Passenger Aboard First Cruise Ship to Return to Sailing in Caribbean Tests Positive for COVID-19

The first cruise ship to set sail in the Caribbean since the beginning of the COVID-19 pandemic has reported that a passenger on board has tested positive for the virus, according to The Points Guy.

A reporter for the travel site, Gene Sloan, is aboard the SeaDream 1 and was meant to be documenting the new safety measures on the small vessel, which departed from Barbados on Saturday and is carrying 53 passengers and 66 crew.

Sloan reported that the boat's captain, Torbjorn Lund, made an announcement over the intercom midday on Wednesday explaining that a passenger had tested positive "on a preliminary basis." It's currently unclear what he means by "preliminary."

Sea Dream Yacht Club, which owns the ship, did not immediately reply to PEOPLE's request for clarification.

Lund reportedly said in his announcement that the crew was working under the assumption that they had at least one COVID patient on board. The passenger who tested positive had been feeling ill before the test, he said.

Sloan detailed that the captain asked all passengers and non-essential crew to immediately return to their cabins to isolate. The doctors on board then began systematically testing passengers using three rapid COVID testing machines. Everyone on the ship had already been tested several days before departing, the day of their departure, and again several days into the trip.

While the boat made several island stops already, passengers were only allowed to visit empty beaches and did not come into contact with locals as part of the effort to protect communities from potential infection.

SeaDream 1 is now heading back to the port from which it departed, where it will be met by medical professionals.

Cruise companies halted all sailings in the Caribbean last spring as the pandemic took hold in North America, individual countries enacted stringent travel restrictions and the U.S. Centers for Disease Control and Prevention (CDC) enacted a "no-sail order."

"This is a blow to the cruise industry's efforts to restart operations in the Caribbean," Sloan told PEOPLE. "SeaDream's return to cruising in the Caribbean was a watershed moment for the industry, and many were hoping it would go smoothly."

The CDC first issued a no-sail order on March 14 and was intended to stay in place for 30 days. At the time, several cruise ships across the world had become sources of major coronavirus outbreaks.

One ship, the Grand Princess, was quarantined off San Francisco after 21 people on board tested positive for the virus in March. That ship eventually docked in the port of Oakland and those on board quarantined on land.

Another, the Holland America, reported four dead and 233 ill on two of its ships heading for Ft. Lauderdale in March after being turned away from ports in South America.

In October, the CDC announced it would lift its no-sail order as of November 1 after 8 months, with a set of strict new rules for cruise operators.

The agency is also requiring all ships that pass through U.S. waters and can carry more than 250 passengers to run mock voyages with volunteer passengers and crew on board in order to test health and safety protocol. (The SeaDream 1 only carries 112.)

"This framework provides a pathway to resume safe and responsible sailing.
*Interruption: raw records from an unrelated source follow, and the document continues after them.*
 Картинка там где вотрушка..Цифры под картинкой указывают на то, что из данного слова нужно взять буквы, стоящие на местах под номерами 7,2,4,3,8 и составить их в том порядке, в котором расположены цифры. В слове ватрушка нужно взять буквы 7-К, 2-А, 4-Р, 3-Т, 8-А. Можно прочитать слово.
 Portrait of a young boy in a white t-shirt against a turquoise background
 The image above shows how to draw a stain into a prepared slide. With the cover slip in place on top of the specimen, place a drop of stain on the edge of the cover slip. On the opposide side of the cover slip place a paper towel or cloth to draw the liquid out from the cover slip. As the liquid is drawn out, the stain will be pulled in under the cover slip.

It will mitigate the risk of COVID-19 outbreaks on ships and prevent passengers and crew from seeding outbreaks at ports and in the communities where they live," CDC Director Robert R. Redfield, M.D said in a press release. "CDC and the cruise industry have a shared goal to protect crew, passengers, and communities and will continue to work together to ensure that all necessary public health procedures are in place before cruise ships begin sailing with passengers."
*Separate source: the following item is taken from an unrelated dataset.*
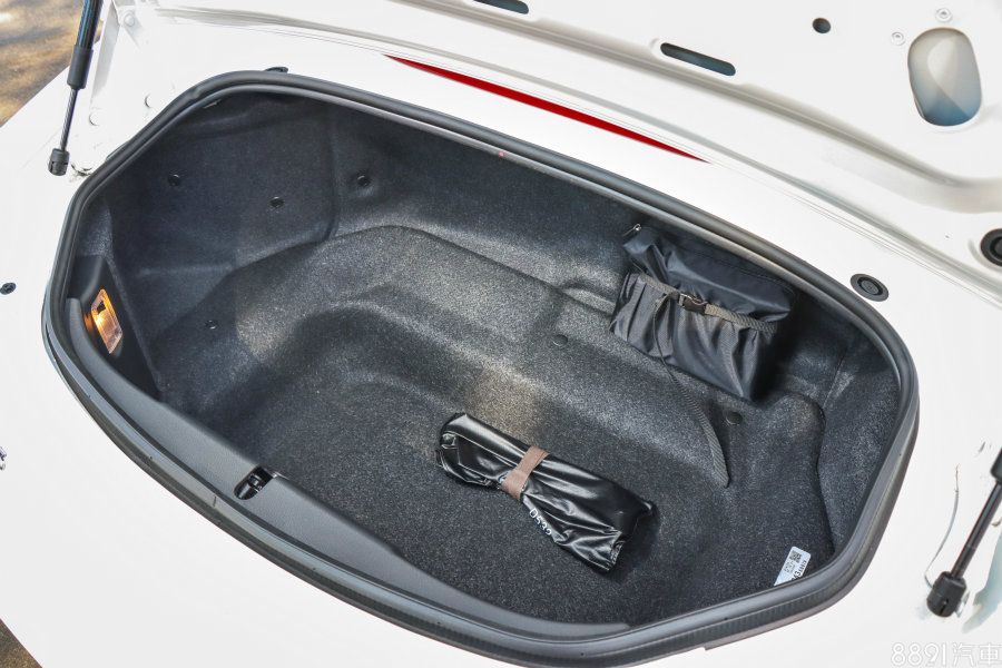MX-5行李廂容積僅有130L,從數據上看似狹小,但內部空間較為方正,足以容納20吋行李箱、一旁還有空間放入軟包等物品,要容納兩人三天兩夜的行李不成問題,實用性算是及格。不過開口較高,取放物品得小心不要敲到烤漆,且底板下方就是排氣管,使得內部溫度較高,若是需要保鮮的食品可得斟酌一下。

"The $150 billion cruise industry has been working around-the-clock for months to find safe ways to restart sailings," says Sloan. "This small-ship voyage was being closely watched by other cruise lines, cruise fans and the industry's regulators, and — depending on what happens — this could be yet another disappointing setback for the industry and the millions of vacationers who are looking to return to the sea."